Exercise requirements:
Without omitting anything, return the records precisely as given.

Data records:
##############################

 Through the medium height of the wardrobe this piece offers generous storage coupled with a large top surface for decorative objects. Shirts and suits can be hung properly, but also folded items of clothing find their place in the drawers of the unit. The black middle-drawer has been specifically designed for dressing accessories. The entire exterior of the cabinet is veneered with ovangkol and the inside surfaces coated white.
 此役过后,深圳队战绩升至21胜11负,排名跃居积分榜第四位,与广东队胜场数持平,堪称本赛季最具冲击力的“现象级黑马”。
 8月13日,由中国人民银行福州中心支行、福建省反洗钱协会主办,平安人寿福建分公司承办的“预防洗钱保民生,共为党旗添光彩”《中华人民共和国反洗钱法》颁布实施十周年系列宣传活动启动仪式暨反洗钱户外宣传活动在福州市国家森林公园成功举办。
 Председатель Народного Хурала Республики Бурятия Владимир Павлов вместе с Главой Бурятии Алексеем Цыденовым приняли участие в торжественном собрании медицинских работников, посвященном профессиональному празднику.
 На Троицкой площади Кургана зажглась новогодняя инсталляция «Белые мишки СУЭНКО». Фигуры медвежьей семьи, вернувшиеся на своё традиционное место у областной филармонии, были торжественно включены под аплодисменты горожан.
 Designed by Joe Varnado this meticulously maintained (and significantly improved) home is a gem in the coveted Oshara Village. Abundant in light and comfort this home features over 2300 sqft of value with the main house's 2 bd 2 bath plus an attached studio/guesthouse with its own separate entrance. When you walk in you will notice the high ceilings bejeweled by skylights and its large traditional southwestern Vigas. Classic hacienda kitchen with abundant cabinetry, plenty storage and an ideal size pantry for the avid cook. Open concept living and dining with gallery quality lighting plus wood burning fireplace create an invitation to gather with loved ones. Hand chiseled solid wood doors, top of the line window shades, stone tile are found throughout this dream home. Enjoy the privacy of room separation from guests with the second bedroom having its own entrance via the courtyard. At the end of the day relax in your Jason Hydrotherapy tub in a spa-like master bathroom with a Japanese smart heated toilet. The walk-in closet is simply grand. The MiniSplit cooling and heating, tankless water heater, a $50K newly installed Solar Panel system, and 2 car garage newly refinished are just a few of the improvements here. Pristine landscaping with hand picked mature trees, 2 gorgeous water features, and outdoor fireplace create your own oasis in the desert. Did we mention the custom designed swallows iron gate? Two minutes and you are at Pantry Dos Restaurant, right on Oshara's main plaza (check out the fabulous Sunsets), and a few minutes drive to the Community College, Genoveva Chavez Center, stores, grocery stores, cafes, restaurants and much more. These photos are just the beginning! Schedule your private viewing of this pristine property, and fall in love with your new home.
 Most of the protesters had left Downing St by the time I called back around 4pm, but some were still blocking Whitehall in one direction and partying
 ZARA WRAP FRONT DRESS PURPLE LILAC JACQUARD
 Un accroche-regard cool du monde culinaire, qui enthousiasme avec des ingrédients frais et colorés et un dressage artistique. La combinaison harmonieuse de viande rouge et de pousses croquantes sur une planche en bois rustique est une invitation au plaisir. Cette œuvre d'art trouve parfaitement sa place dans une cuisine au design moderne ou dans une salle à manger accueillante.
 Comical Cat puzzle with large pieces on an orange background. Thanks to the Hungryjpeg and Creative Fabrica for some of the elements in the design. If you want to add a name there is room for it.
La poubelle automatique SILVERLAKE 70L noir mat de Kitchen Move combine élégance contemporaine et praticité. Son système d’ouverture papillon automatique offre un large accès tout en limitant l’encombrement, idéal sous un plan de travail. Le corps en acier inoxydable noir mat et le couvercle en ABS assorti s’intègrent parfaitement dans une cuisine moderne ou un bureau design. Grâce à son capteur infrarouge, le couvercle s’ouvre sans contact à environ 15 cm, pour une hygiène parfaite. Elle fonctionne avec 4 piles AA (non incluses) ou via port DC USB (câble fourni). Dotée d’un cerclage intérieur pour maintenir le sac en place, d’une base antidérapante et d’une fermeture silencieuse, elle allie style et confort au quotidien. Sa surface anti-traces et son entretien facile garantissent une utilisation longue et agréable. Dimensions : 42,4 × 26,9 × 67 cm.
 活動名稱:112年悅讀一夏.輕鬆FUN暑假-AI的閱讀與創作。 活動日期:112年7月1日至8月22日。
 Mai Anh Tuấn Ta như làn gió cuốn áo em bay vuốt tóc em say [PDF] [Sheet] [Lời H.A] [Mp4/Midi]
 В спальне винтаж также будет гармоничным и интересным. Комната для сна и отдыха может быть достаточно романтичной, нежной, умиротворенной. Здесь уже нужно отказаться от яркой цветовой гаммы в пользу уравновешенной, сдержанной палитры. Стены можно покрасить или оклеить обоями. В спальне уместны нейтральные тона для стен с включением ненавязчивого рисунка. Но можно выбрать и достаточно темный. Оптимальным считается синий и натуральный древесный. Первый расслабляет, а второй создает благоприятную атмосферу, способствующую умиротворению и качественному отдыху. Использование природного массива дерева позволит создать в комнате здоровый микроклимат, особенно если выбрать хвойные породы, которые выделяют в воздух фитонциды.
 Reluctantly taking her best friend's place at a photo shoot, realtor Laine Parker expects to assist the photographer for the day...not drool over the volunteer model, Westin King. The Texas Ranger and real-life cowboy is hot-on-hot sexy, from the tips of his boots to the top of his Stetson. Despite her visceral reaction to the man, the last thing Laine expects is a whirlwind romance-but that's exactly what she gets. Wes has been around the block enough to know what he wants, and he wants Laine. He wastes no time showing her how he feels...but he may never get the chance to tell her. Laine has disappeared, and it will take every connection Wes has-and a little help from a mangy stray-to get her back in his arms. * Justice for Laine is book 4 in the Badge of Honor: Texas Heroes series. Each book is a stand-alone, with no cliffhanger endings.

##############################

Result:
 Through the medium height of the wardrobe this piece offers generous storage coupled with a large top surface for decorative objects. Shirts and suits can be hung properly, but also folded items of clothing find their place in the drawers of the unit. The black middle-drawer has been specifically designed for dressing accessories. The entire exterior of the cabinet is veneered with ovangkol and the inside surfaces coated white.
 此役过后,深圳队战绩升至21胜11负,排名跃居积分榜第四位,与广东队胜场数持平,堪称本赛季最具冲击力的“现象级黑马”。
 8月13日,由中国人民银行福州中心支行、福建省反洗钱协会主办,平安人寿福建分公司承办的“预防洗钱保民生,共为党旗添光彩”《中华人民共和国反洗钱法》颁布实施十周年系列宣传活动启动仪式暨反洗钱户外宣传活动在福州市国家森林公园成功举办。
 Председатель Народного Хурала Республики Бурятия Владимир Павлов вместе с Главой Бурятии Алексеем Цыденовым приняли участие в торжественном собрании медицинских работников, посвященном профессиональному празднику.
 На Троицкой площади Кургана зажглась новогодняя инсталляция «Белые мишки СУЭНКО». Фигуры медвежьей семьи, вернувшиеся на своё традиционное место у областной филармонии, были торжественно включены под аплодисменты горожан.
 Designed by Joe Varnado this meticulously maintained (and significantly improved) home is a gem in the coveted Oshara Village. Abundant in light and comfort this home features over 2300 sqft of value with the main house's 2 bd 2 bath plus an attached studio/guesthouse with its own separate entrance. When you walk in you will notice the high ceilings bejeweled by skylights and its large traditional southwestern Vigas. Classic hacienda kitchen with abundant cabinetry, plenty storage and an ideal size pantry for the avid cook. Open concept living and dining with gallery quality lighting plus wood burning fireplace create an invitation to gather with loved ones. Hand chiseled solid wood doors, top of the line window shades, stone tile are found throughout this dream home. Enjoy the privacy of room separation from guests with the second bedroom having its own entrance via the courtyard. At the end of the day relax in your Jason Hydrotherapy tub in a spa-like master bathroom with a Japanese smart heated toilet. The walk-in closet is simply grand. The MiniSplit cooling and heating, tankless water heater, a $50K newly installed Solar Panel system, and 2 car garage newly refinished are just a few of the improvements here. Pristine landscaping with hand picked mature trees, 2 gorgeous water features, and outdoor fireplace create your own oasis in the desert. Did we mention the custom designed swallows iron gate? Two minutes and you are at Pantry Dos Restaurant, right on Oshara's main plaza (check out the fabulous Sunsets), and a few minutes drive to the Community College, Genoveva Chavez Center, stores, grocery stores, cafes, restaurants and much more. These photos are just the beginning! Schedule your private viewing of this pristine property, and fall in love with your new home.
 Most of the protesters had left Downing St by the time I called back around 4pm, but some were still blocking Whitehall in one direction and partying
 ZARA WRAP FRONT DRESS PURPLE LILAC JACQUARD
 Un accroche-regard cool du monde culinaire, qui enthousiasme avec des ingrédients frais et colorés et un dressage artistique. La combinaison harmonieuse de viande rouge et de pousses croquantes sur une planche en bois rustique est une invitation au plaisir. Cette œuvre d'art trouve parfaitement sa place dans une cuisine au design moderne ou dans une salle à manger accueillante.
 Comical Cat puzzle with large pieces on an orange background. Thanks to the Hungryjpeg and Creative Fabrica for some of the elements in the design. If you want to add a name there is room for it.
La poubelle automatique SILVERLAKE 70L noir mat de Kitchen Move combine élégance contemporaine et praticité. Son système d’ouverture papillon automatique offre un large accès tout en limitant l’encombrement, idéal sous un plan de travail. Le corps en acier inoxydable noir mat et le couvercle en ABS assorti s’intègrent parfaitement dans une cuisine moderne ou un bureau design. Grâce à son capteur infrarouge, le couvercle s’ouvre sans contact à environ 15 cm, pour une hygiène parfaite. Elle fonctionne avec 4 piles AA (non incluses) ou via port DC USB (câble fourni). Dotée d’un cerclage intérieur pour maintenir le sac en place, d’une base antidérapante et d’une fermeture silencieuse, elle allie style et confort au quotidien. Sa surface anti-traces et son entretien facile garantissent une utilisation longue et agréable. Dimensions : 42,4 × 26,9 × 67 cm.
 活動名稱:112年悅讀一夏.輕鬆FUN暑假-AI的閱讀與創作。 活動日期:112年7月1日至8月22日。
 Mai Anh Tuấn Ta như làn gió cuốn áo em bay vuốt tóc em say [PDF] [Sheet] [Lời H.A] [Mp4/Midi]
 В спальне винтаж также будет гармоничным и интересным. Комната для сна и отдыха может быть достаточно романтичной, нежной, умиротворенной. Здесь уже нужно отказаться от яркой цветовой гаммы в пользу уравновешенной, сдержанной палитры. Стены можно покрасить или оклеить обоями. В спальне уместны нейтральные тона для стен с включением ненавязчивого рисунка. Но можно выбрать и достаточно темный. Оптимальным считается синий и натуральный древесный. Первый расслабляет, а второй создает благоприятную атмосферу, способствующую умиротворению и качественному отдыху. Использование природного массива дерева позволит создать в комнате здоровый микроклимат, особенно если выбрать хвойные породы, которые выделяют в воздух фитонциды.
 Reluctantly taking her best friend's place at a photo shoot, realtor Laine Parker expects to assist the photographer for the day...not drool over the volunteer model, Westin King. The Texas Ranger and real-life cowboy is hot-on-hot sexy, from the tips of his boots to the top of his Stetson. Despite her visceral reaction to the man, the last thing Laine expects is a whirlwind romance-but that's exactly what she gets. Wes has been around the block enough to know what he wants, and he wants Laine. He wastes no time showing her how he feels...but he may never get the chance to tell her. Laine has disappeared, and it will take every connection Wes has-and a little help from a mangy stray-to get her back in his arms. * Justice for Laine is book 4 in the Badge of Honor: Texas Heroes series. Each book is a stand-alone, with no cliffhanger endings.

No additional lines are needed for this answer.